This is the code and data for the article "SCTc-TE: A Comprehensive Formulation and Benchmark for Temporal Event Forecasting".
The repo includes:
- An automated data construction pipeline for the Structured, Complex, and Time-complete Temporal Events (SCTc-TE).
- Two large-scale complex event datasets, named MidEast-TE and GDELT-TE.
- A proposed model LoGo that leverages both local and global contexts for the newly formulated task: SCTc-TE forecasting.
The code is tested to be runnable under the environment with python=3.9; pytorch=1.12; cuda=11.3.
To create a new environment, you could use the commands below:
conda create --name logo python=3.9
conda activate logo
conda install pytorch==1.12.0 -c pytorch
pip install pandas
pip install tensorboard
conda install tqdm
conda install -c dglteam dgl-cuda11.3
The input data files need to be unzipped first:
unzip data/MIDEAST_CE.zip -d data
unzip data/GDELT_CE.zip -d data
The data folder then contains:
- CAEMO: Information from CAMEO ontology, organized in python dictionaries.
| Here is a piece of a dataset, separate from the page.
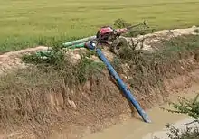 تُستخدم مضخات محورية التدفق ذات قدرة كبيرة جداً في الزراعة ومصائد الأسماك لرفع المياه بغرض الري والصرف. تُستخدم ملايين الوحدات المحمولة ذات القدرات الصغيرة (6-20 حصان) في شرق أسيا، وتُشغل غالباً بمحركات ديزل أوبنزين أحاديةالأسطوانة. تُستخدم هذه المضخات بواسطة صغار المزارعين لري المحاصيل والصرف ومصائد الأسماك. تحسنت تصاميم المروحة الدافعة، وأدى ذلك لرفع كفاءة عملية الزراعة بالإضافة إلى تخفيض التكاليف. كانت التصاميم السابقة ذات أطوال أقل 2 متر، لكنها زادت إلى 6 متر أو أكثر في هذه الأيام مما سمح بوضع مصدر الطاقة (غالباجرار ذو عجلتين) في أماكن أكثر أمناً.

- MIDEAST_CE: SCTc-TE extracted by the Vicuna model.
- GDELT_CE: SCTc-TE constructed from GDELT data.
To construct the MIDEAST_CE and GDELT_CE data from raw data, the pipeline is collected and described in ./dataset_construction.
Before training the model, you need to generate both the local and global graphs:
python generate_graphs_ce.py --dataset MIDEAST_CE
python generate_graphs_ce.py --dataset GDELT_CE
The searched training hyperparameter configuration is stored in config.yaml.
Hyperparameters can also be set in command, see detailed usage in train_logo_early.py:get_cmd().
[dataset_name]
is MIDEAST_CE
or GDELT_CE
python train_logo_early.py -d [dataset_name] --m LoGo_sep
- LoGolocal:
python train_logo_late.py -d [dataset_name] --local_only
- LoGoglobal:
python train_logo_late.py -d [dataset_name] --global_only
- LoGoshare:
python train_logo_early.py -d [dataset_name] --m LoGo_share
- LoGolate:
python train_logo_late.py -d [dataset_name] --m LoGo_sep
Loss and runs:
tensorboard --logdir=./runs/
Results in ./logs folder.